What's the key initiator for them?
Speaker 2 (30:39):
Right? Is it?
Speaker 1 (30:40):
Is it the health part first? Is it getting pushing
and pulling and feeling better? Is it the motivate? You know,
drilling down on the motivational idea. What is their potential?
How do I go after it?
Speaker 2 (30:53):
Or is it just simply the recognition that of that
inch by inch process? How do you like?
Speaker 1 (31:01):
Cause I know you get bombarded with this. I'm a
twenty three year old kid. I don't know what to do.

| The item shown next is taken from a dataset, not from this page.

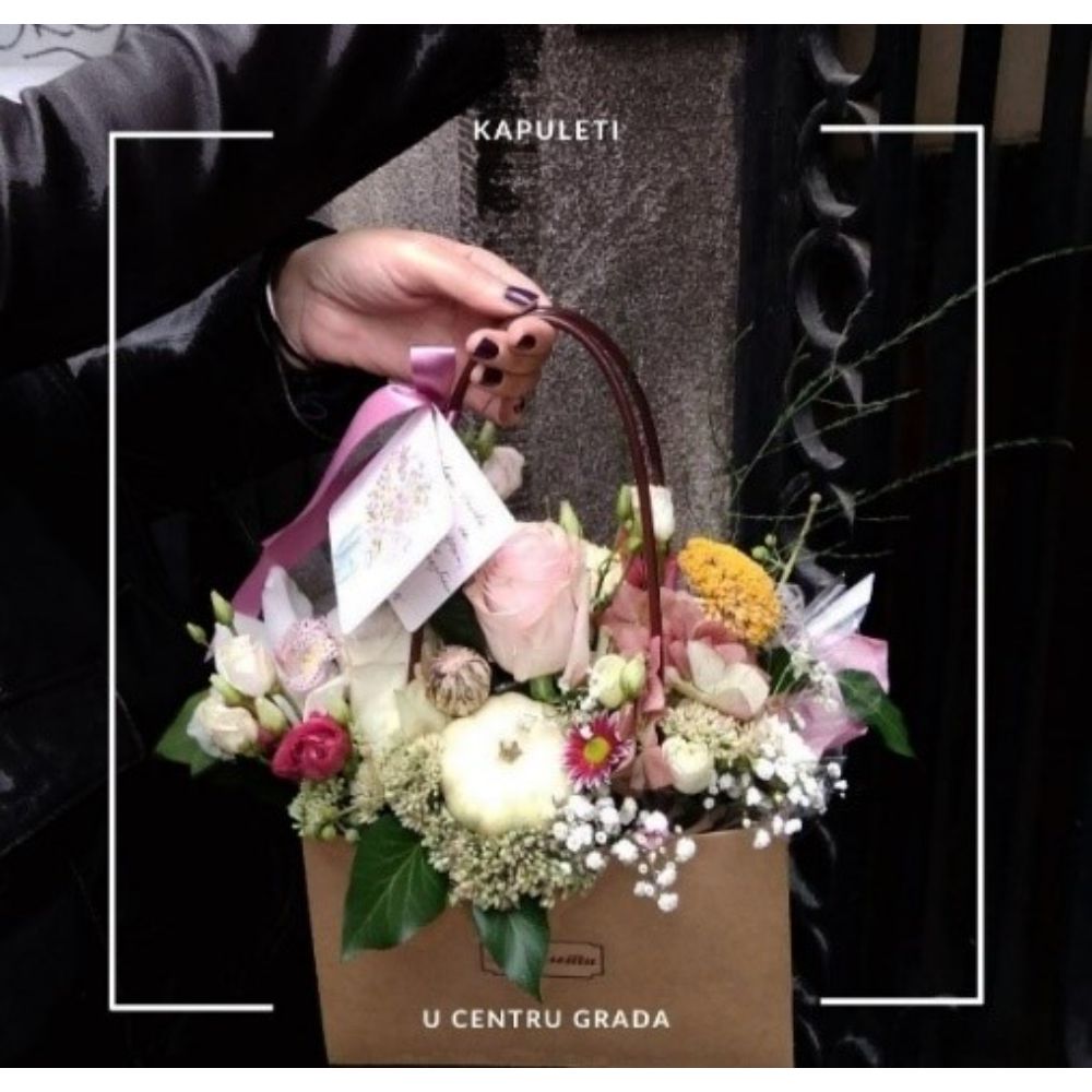 Cvetna torbica , neodoljiva kombinacija sezonskog cveća i dostupnog zelenila.

I don't know where to start.
Speaker 2 (31:09):
What should I do?
Speaker 3 (31:14):
Yeah?
Speaker 4 (31:15):
Probably the most commonly asked question I get from young
men and young women is I'm that age, I'm nineteen,
twenty twenty one, twenty three. How do I find my
purpose in life? Which what a big question? I mean, no,
wonder your biggest agony and anxiety. You're trying to figure
out life's greatest question and you haven't even voted in
your first fucking election yet.
Speaker 3 (31:33):
I'd be overwhelmed too. I think a lot.
Speaker 4 (31:38):
Of it is is the tension you create when you
feel like you have to have it all figured out.
Is manufacturing suffering within your own mind. And I had
the opportunity to interview a guy named Peter Cron on
my podcast and talk about an anointed conversation. That podcast
got one hundred and fifty thousand plays practically overnight, which
outperforms any of my episodes of all time, and he
(32:01):
has a theory that all of our suffering is manufactured,
none of it's real, It's all created based.
Speaker 3 (32:05):
On the narratives we tell ourselves.
Speaker 4 (32:06):
And one thing I really resonated with was that the
fact that you think something is hard and should be
easy create suffering rather than sitting in the tension of
this is hard and that's okay, what is it trying
to teach me? So I wanted to quickly speak to
that that a lot of young people are creating suffering
because of the people they see on social media, you know,
the young guy with the supercar and the Rolex making
(32:29):
one hundred grand a month, probably lying about it and
feeling like they have to get there. But to really
answer your question, I do believe, and I'm convicted on
the fact that I think it always starts with the
physical body. If you can't clean the gunk and the
crap out of your mind with that brain fog, everybody
talks about that low energy. If you don't have clarity,
(32:50):
you don't have vision, and you can't find your purpose.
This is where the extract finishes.